Yi Xiao froze, staring into Gu Yu's clear, untouched eyes. She stood there, stunned.
Many years ago, she too had possessed such a pure soul.
Feng Suige cautiously approached and moved the broken arrow away from Gu Yu's chest. She didn't object.
In the firelight, a faint glimmer crossed Yi Xiao's cheek and quickly vanished. Feng Suige became alarmed, excitedly grabbing her hand and pulling her into the light. "Why are you crying? Are you unwell? Why are you shaking?"
Yi Xiao suddenly laughed—a sound caught between hysteria and despair. She reached out to roughly grab Feng Suige's long hair. He bit his lip silently, allowing her to pull.
Her voice circled in her throat a few times before emerging hoarse and breaking: "Why did you barge into my life? Why bring me to Du Sha? Why do you keep entangling me? Why won't you let me go?"
Feng Suige just silently gazed at her, his complex expression more intense, tender, and resolute than ever before.
Suddenly, he grasped her right hand, gripping it firmly—as if to prove his existence through touch alone. Yi Xiao glared at him, instinctively trying to break free, but he held tighter, using greater force to press her hand against his heavily heaving chest.
"If you're willing," Feng Suige said softly, staring intently at her, "from now on, I'll give you everything I have."
Yi Xiao shook her head stubbornly, using her free hand to pry his fingers open one by one. "I don't want it. I don't want anything of yours!"
"You must take it," he insisted, pressing her hand even more tightly against his chest, his fingertips digging deep into her wrist. "Because I only want to give it to you."
The vibrations from his heartbeat nearly drove her to the brink.
Yi Xiao took a breath and screamed like a madwoman: "I said I don't want it! I don't want it! I hate social niceties, I hate status and reputation, and I hate those schemes and machinations even more. I just want to be an ordinary person. Why won't you let me go? I'm so tired. I beg you—let me go!"
Feng Suige suddenly smiled charmingly, leaning close. "Yi Xiao, you like me a little. Why won't you admit it?"
He sighed lightly. "Why are you so stubborn about not accepting me?"
Stubborn? Not daring to admit it?
He stared at her unrelentingly. Yi Xiao felt she couldn't bear it anymore. The heat from his palm was unbearable. She could see her own expression reflected in his pupils—hideous and broken. And his eyes were smiling.
What right did he have to smile? He had destroyed her life, yet he could still smile.
Yi Xiao was furious.
"Feng Suige," she suddenly laughed—a crazed, gloomy sound. "If this is some ploy you're playing, then you've succeeded. If you insist on dragging me down to ruin, then let's go together! Who's afraid of whom?"
"Alright," he agreed softly, grinning to show a row of neat white teeth. "Then let's see who gets scared first!"
Yi Xiao's face looked bewitching in the firelight, fox-like cunning flashing in her eyes.
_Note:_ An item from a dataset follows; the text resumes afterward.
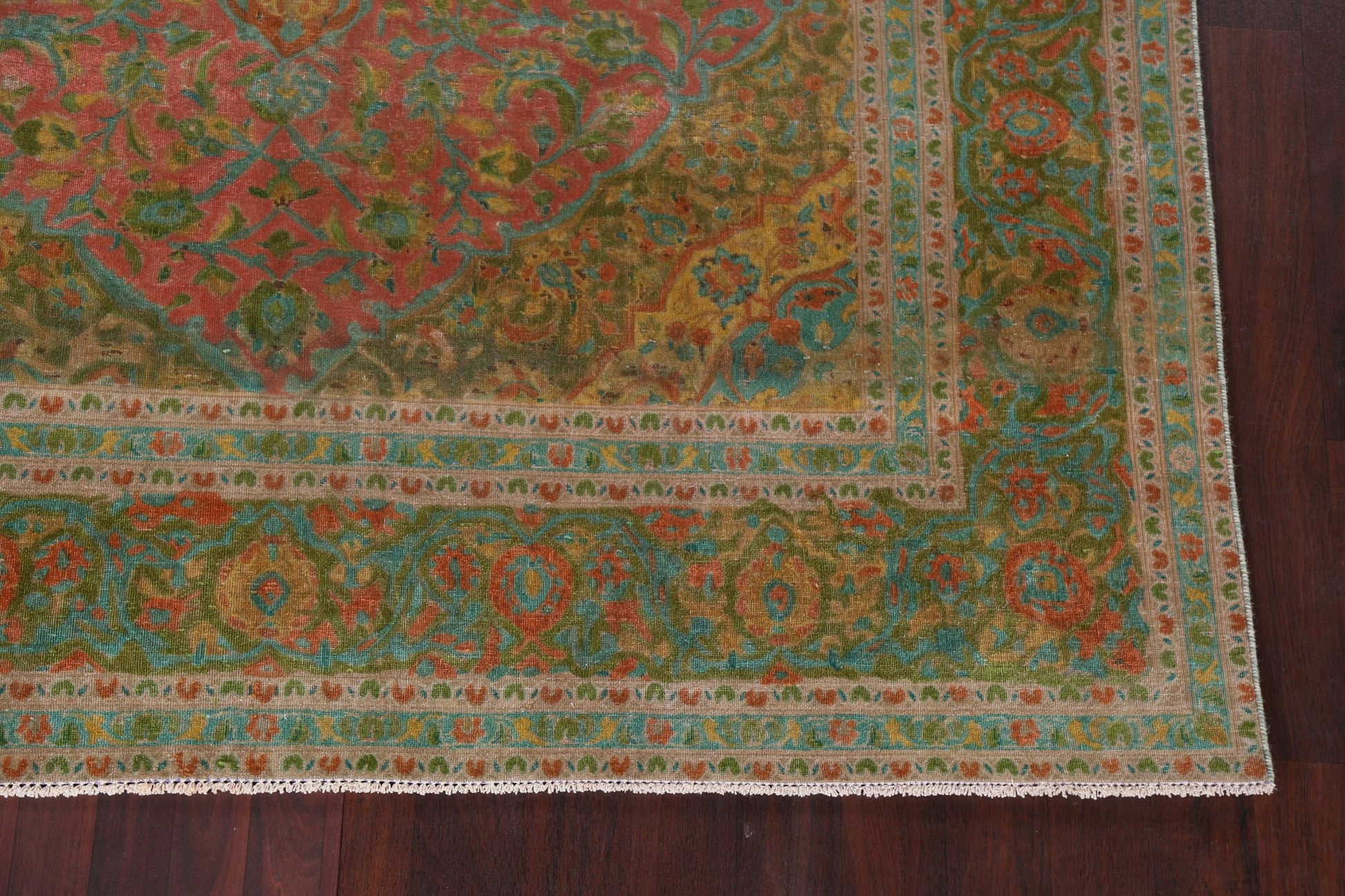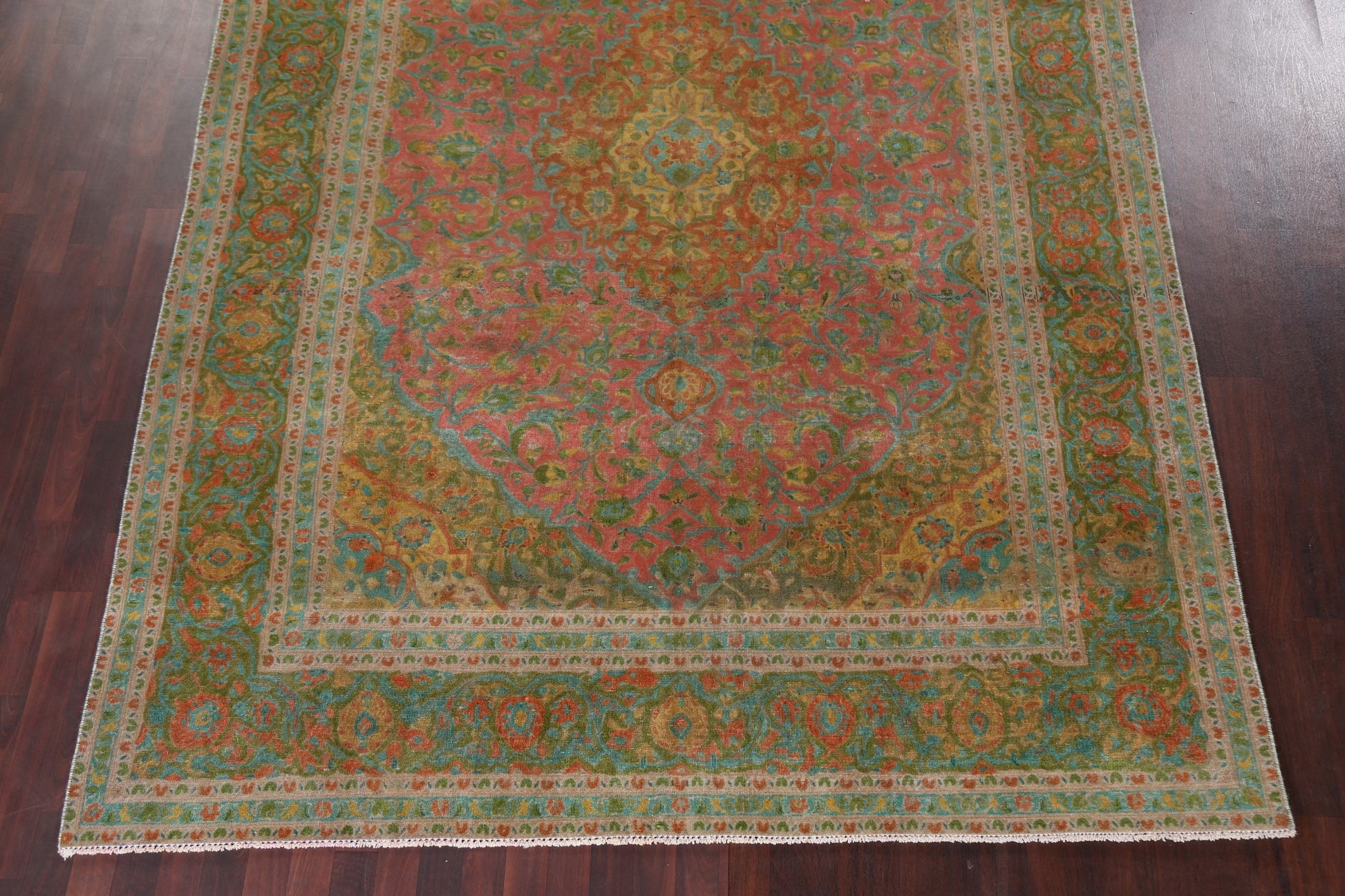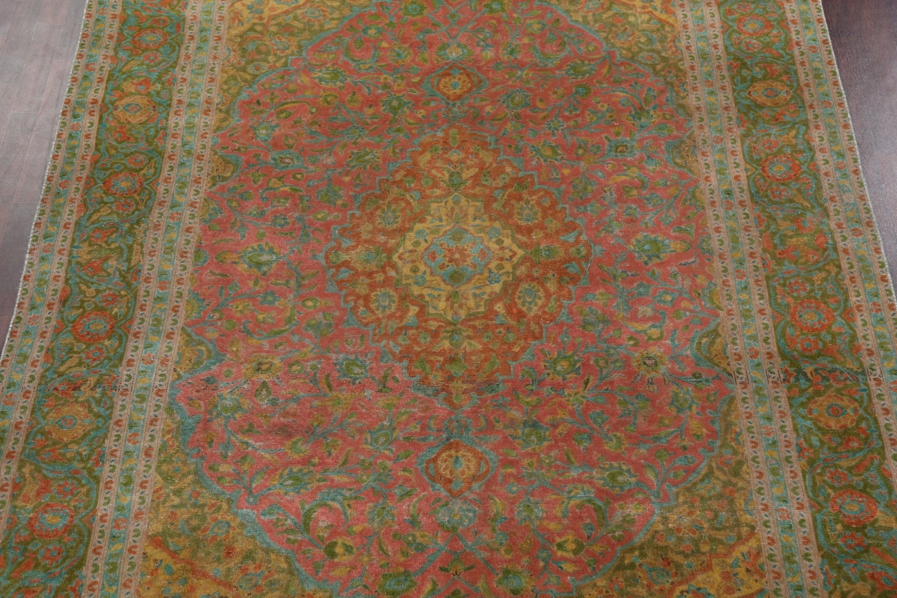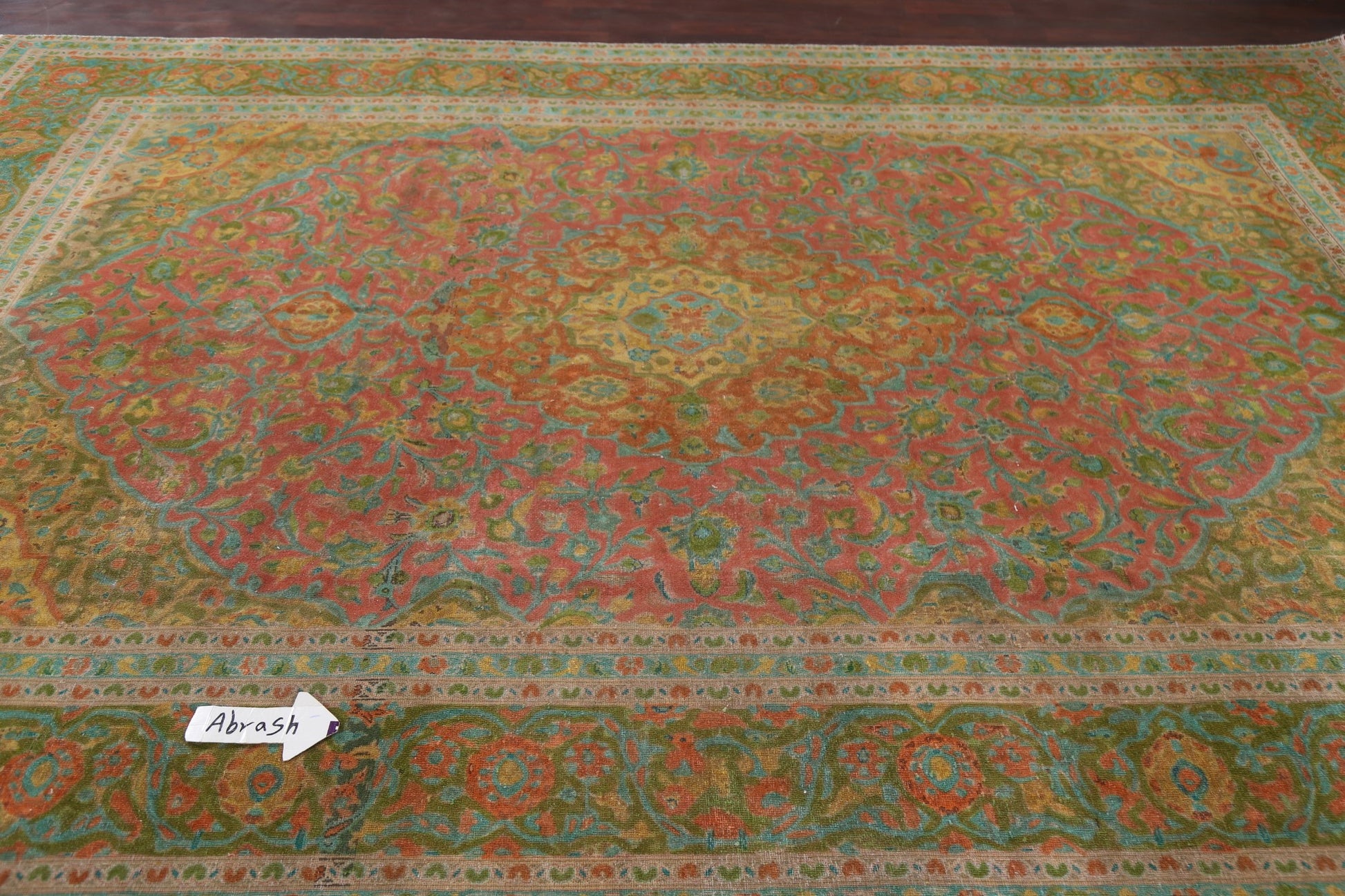 Vintage Distressed Mashad Persian Area Rug 8x11

She leaned in close to him playfully and said softly, her voice like silk wrapped around steel: "But remember what you said—that you would never let go of me. You must remember not to release your hand, or I'll fly away, vanishing without a trace. You won't be able to find me or catch me. Don't hate me then—you shouldn't have let go!"
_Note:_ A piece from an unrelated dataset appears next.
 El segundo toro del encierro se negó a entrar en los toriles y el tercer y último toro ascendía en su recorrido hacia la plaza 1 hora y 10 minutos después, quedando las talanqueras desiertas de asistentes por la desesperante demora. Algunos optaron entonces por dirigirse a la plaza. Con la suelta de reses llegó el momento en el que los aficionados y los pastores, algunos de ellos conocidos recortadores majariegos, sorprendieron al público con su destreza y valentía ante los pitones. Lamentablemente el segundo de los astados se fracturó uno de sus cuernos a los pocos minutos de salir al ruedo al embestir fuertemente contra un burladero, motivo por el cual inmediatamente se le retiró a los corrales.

Feng Suige listened with a smile, then said solemnly, as if taking an oath carved into bone: "I won't. As long as I have breath in my body, I will never allow you to leave."
Yi Xiao smiled bitterly, and in that smile was surrender wrapped in defiance. "I'll remember too. Someone once said that marrying is worse than attacking a city. One shouldn't think that entering the city settles everything."
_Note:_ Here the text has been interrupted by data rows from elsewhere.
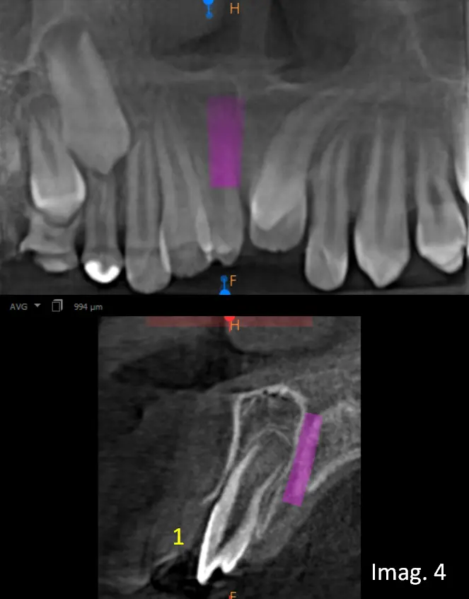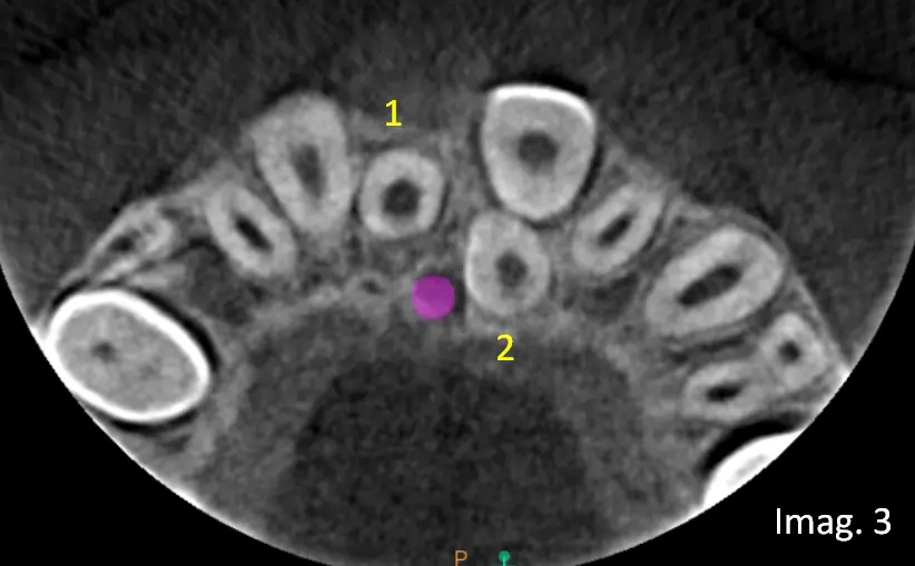 ​En el estudio tridimensional se confirma la presencia del Mesiodens clínicamente observable y además se identifica un segundo Mesiodens incluido, no detectable en el estudio panorámico inicial (ver imagen 3, vista axial).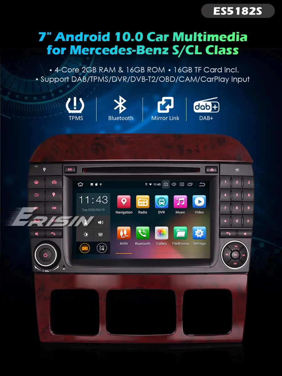 ES5182S 7 "четырехъядерный Android 10,0 автомобильный мультимедиа с GPS радио WiFi BT TPMS/DVR/DTV/DAB-IN...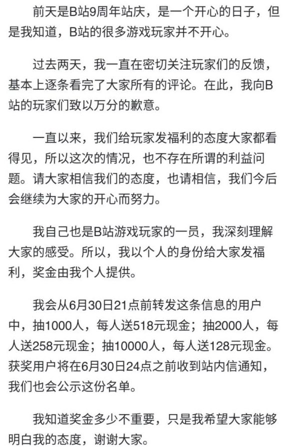 或许是为了平息玩家的愤怒,又或许是为了不让捕风捉影的猜测和流言进一步扩大。6月28日,B站董事长陈睿终于出面。他用个人的B站账号发了一条状态,向很多“不开心的玩家”道歉,陈睿表示自己也是游戏玩家,能够感同身受。最后,以个人名义抽取13000人,送出不等的现金。奖金总额高达230多万元。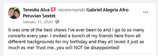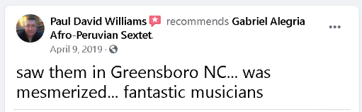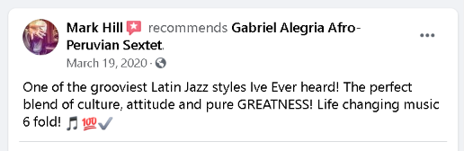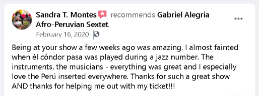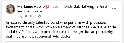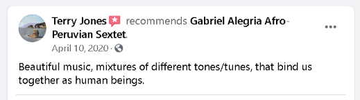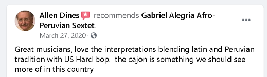Gabriel Alegria's Life's Work has been to introduce Afro-Peruvian Jazz Music to the World.

She paused, looking at where his hand held hers.
"Now I finally understand—after entering the city, the troubles truly begin."
And in the firelight, with her hand pressed against his heart and his fingers locked around her wrist, the warrior and the prince stood frozen—not as captor and captive, but as two people who had already chosen their fate, and chosen it together.